Tesouros Maçônicos – Avental e malhete de D. Pedro I


 

Este é o primeiro artigo da série “Tesouros Maçônicos”. Nesta apresentaremos alguns objetos raros, únicos e curiosos, bem como a importância histórico-simbólica destes para a Maçonaria. São verdadeiros tesouros da Ordem, espalhados por diversos museus brasileiros. Com o objetivo de divulgar e valorizar tais acervos, esta série pretende, ademais, proporcionar a todos os maçons e estudiosos da Arte Real um retorno ao passado, às histórias relacionadas aos objetos e um sentimento identitário ligado ao patrimônio histórico maçônico.

Assim, abrimos esta série de artigos apresentando os objetos maçônicos associados a D. Pedro I e que pertencem ao acervo do Museu Histórico Nacional no Rio de Janeiro.

Vida maçônica de D. Pedro I

Pedro de Alcântara Francisco Antônio João Carlos Xavier de Paula Miguel Gabriel Rafael Joaquim José Gonzaga Pascoal Cipriano Serafim de Bragança e Bourbon (Queluz, Portugal, 1798 – Queluz, 1834), o Imperador do Brasil D. Pedro I, foi iniciado na Maçonaria aos 24 anos de idade na Loja Comércio e Artes, adotando o nome heroico de Guatimozim[1]. Tendo como padrinho José Bonifácio, a sua iniciação ocorreu no dia 02 de agosto de 1822 na Loja Comércio e Artes nº1. Já em 5 de agosto, o primeiro Imperador do Brasil foi exaltado ao Grau de Mestre Maçom.

A despeito de sua rápida passagem pela Maçonaria, a qual ordena a suspensão de todos os trabalhos em 21 de outubro de 1822, o Imperador e Grão-Mestre do Grande Oriente do Brasil atingiu o grau máximo do Rito Moderno, que a época era o Grau 7 – Cavaleiro Rosa-Cruz.

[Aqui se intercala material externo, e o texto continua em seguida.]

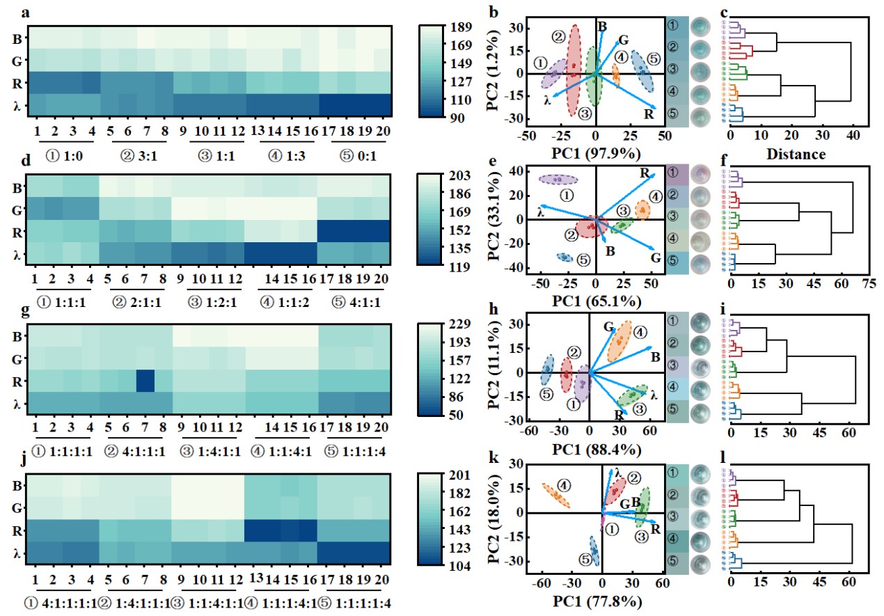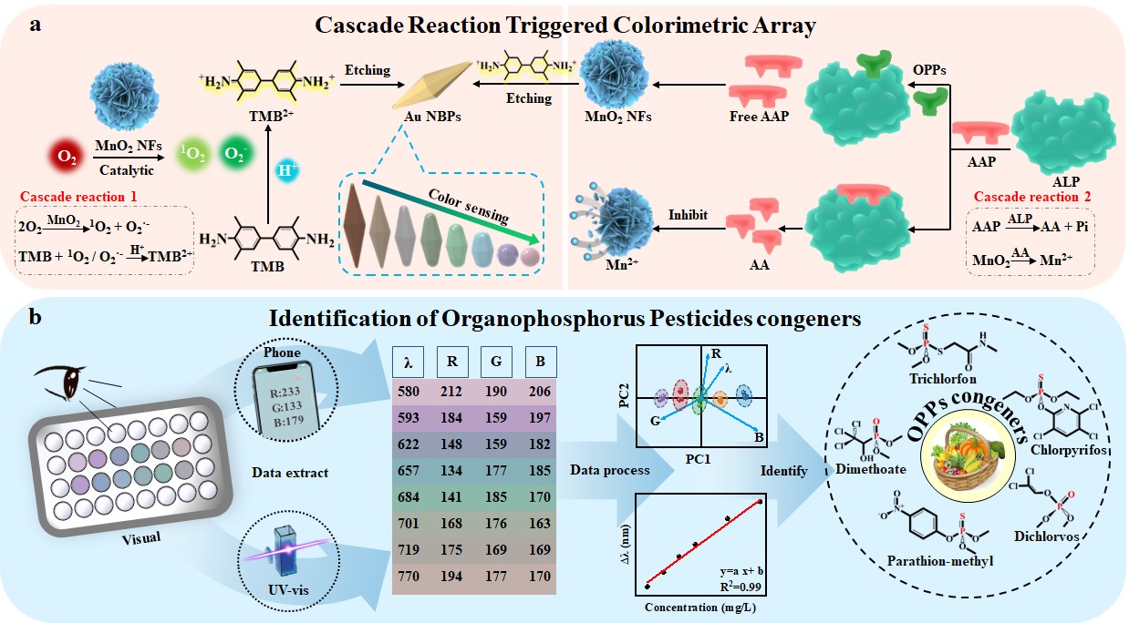 基于课题组近两年在贵金属纳米材料领域发展的多色可视化传感器可提供丰富的颜色变化用于疾病标志物等裸眼可视化检测研究成果(Advanced Science, 2023, 2303159; Chemical Engineering Journal, 2023, 476, 146689; Biosensors and Bioelectronics, 2023, 15, 234, 115344; Biosensors and Bioelectronics, 2023, 237, 115556)。在本文中,黄又举教授团队提出并设计了一种酶级联诱导多色可视化方法,用于OPPs同源物的灵敏视觉检测。设计原理如图1所示,该传感器主要由三部分组成:(1) MnO2 NFs作为氧化酶模拟物催化TMB氧化生成TMB+并通过酸终止产生具有强氧化性的TMB2+,TMB2+进一步可实现对Au NBPs的快速可控刻蚀产生丰富的颜色变化。(2) 基于ALP对AAP的水解产生AA可抑制MnO2 NFs的活性从而阻止Au NBPs的蚀刻,OPPs反向抑制ALP的活性影响Au NBPs蚀刻并伴随丰富的颜色变化。(3) 将所得UV-vis信号与溶液(R, G, B)的彩色数字化信号进行主成分分析,可从结果中直观区分出OPPs同系物。该方法在快速、便捷识别OPPs同系物方面具有一定的潜力(图2)。

Em alguns arquivos históricos é possível encontrar, inclusive, algumas cartas direcionadas a maçons, as quais eram assinadas com as iniciais “I.:P.:M.:R.: +”, que significa: Irmão Pedro, Maçom Rosa-Cruz.

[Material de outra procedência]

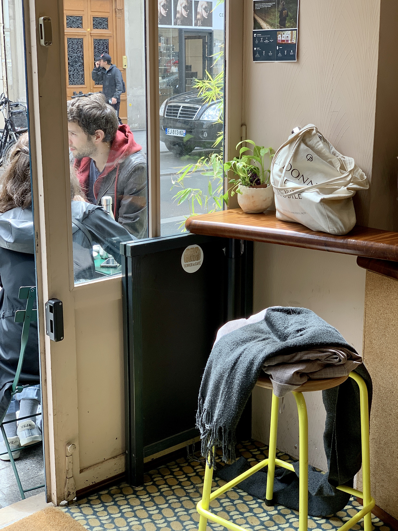 본점도 그리 넓은 편은 아니건만 분점들은 더 작다. 많아도 총 스무 명의 사람이 들어가면 꽉 차기에, 스타벅스 매장 같은 넉넉한 공간을 생각하고 간다면 오산이다. 파리의 카페들은 왜 죄다 이렇게 좁은지. 앉을 곳이 많지 않아 착석 회전율이 원활하게 이루어져야 할듯한데, 앉아있는 손님들은 도통 일어날 생각을 하지 않고 여유롭게 커피를 즐긴다.
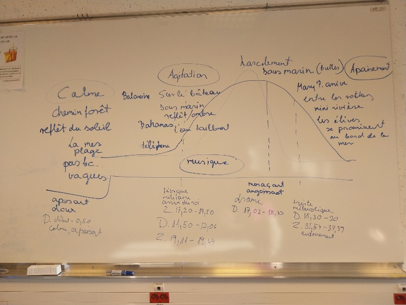 Lors de la dernière séance, toutes les musiques, bruitages et haïkus ont été compilés. Les élèves ont pu ainsi annoter le photogramme afin de faire apparaitre pour chaque plan ce qu’ils voulaient faire entendre.
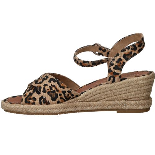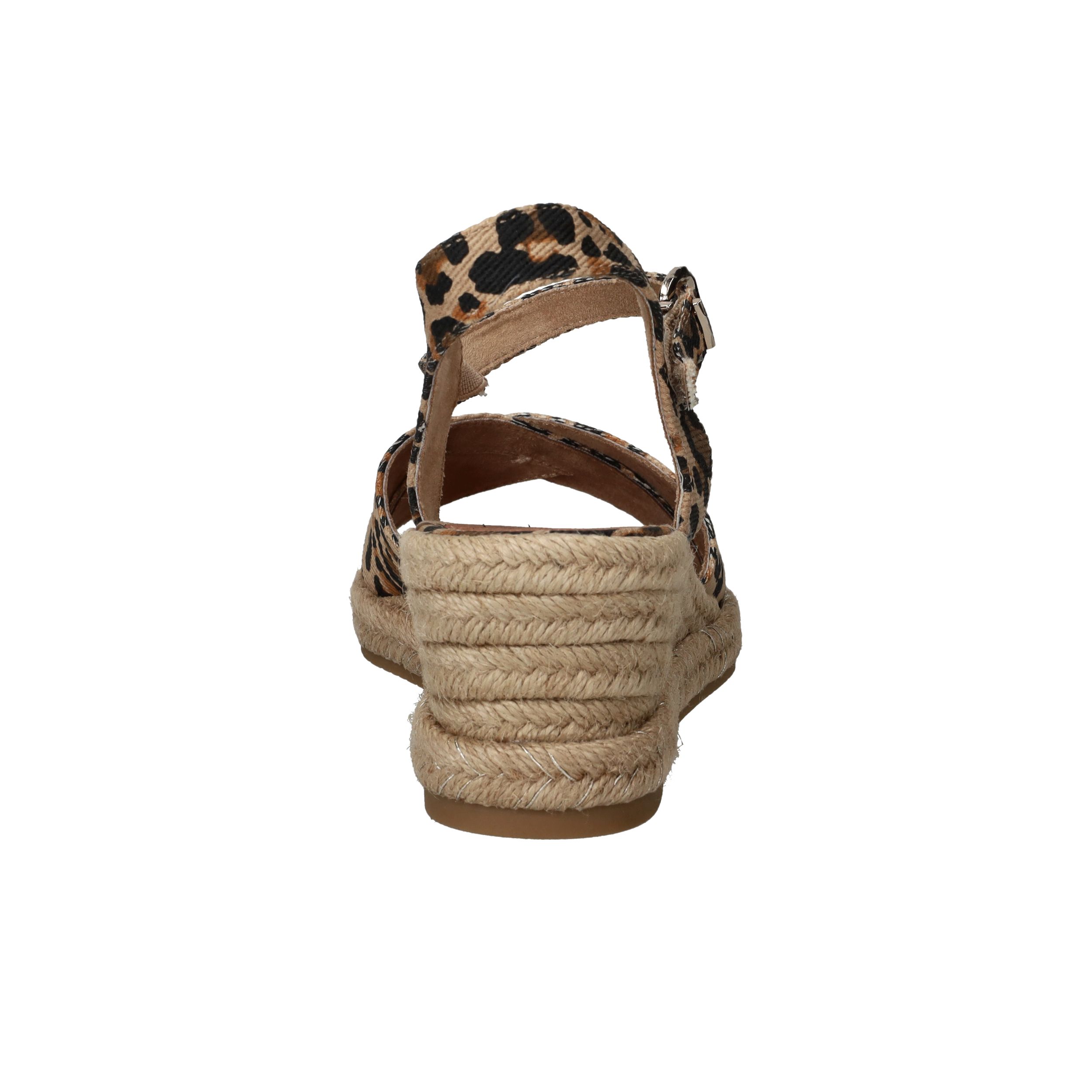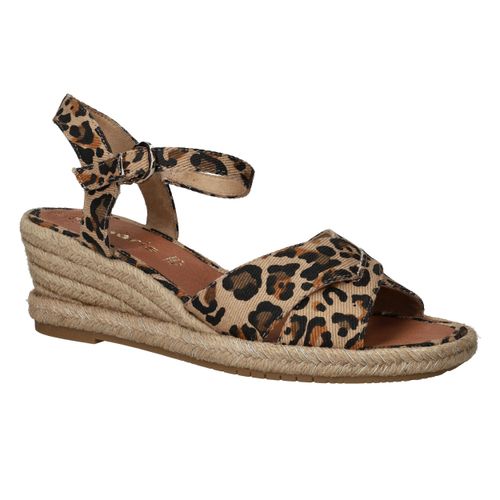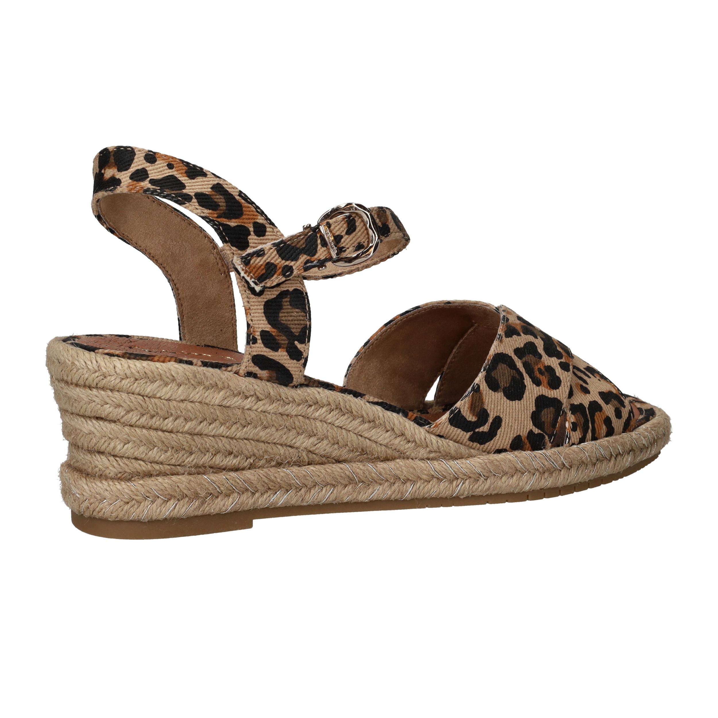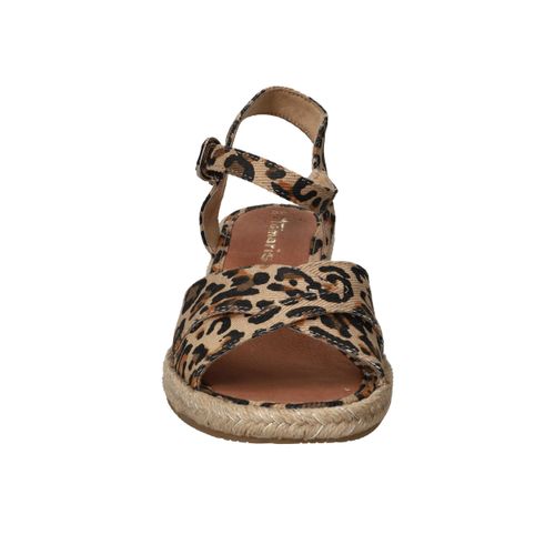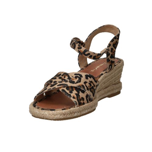 Maak een stijlstatement met deze zomerse sandalen van Tamaris. De opvallende panterprint op het textielen bovenwerk geeft deze sandaal een stoere twist, terwijl de zachte leren voering heerlijk comfortabel aanvoelt. De gevlochten sleehak maakt je look helemaal af en zorgt voor een vrouwelijk silhouet.
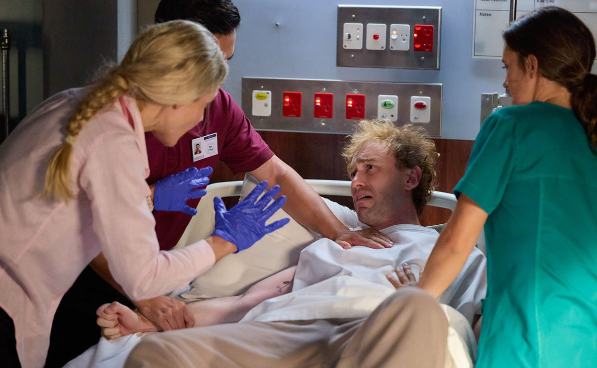 Jo (Maddison Brown) and Levi (Tristan Gorey) raced to save Bree, who had been left with a collapsed lung after it was punctured by the scissors.

Os objetos e suas relações

Desse modo, passemos para a descrição dos objetos relacionados a D. Pedro I e que se encontram no Museu Histórico Nacional. Doados pela Viscondessa de Cavalcanti em 15 de novembro de 1927, avental, faixa e malhete foram citados em um bilhete (imagem 1) escrito a próprio punho pela doadora como tendo pertencido a D. Pedro I. É o único documento que relaciona tais objetos ao Imperador. Assim, não se pode confirmar ou descartar que tais objetos tenham realmente pertencidos ao 2º Grão-Mestre do GOB.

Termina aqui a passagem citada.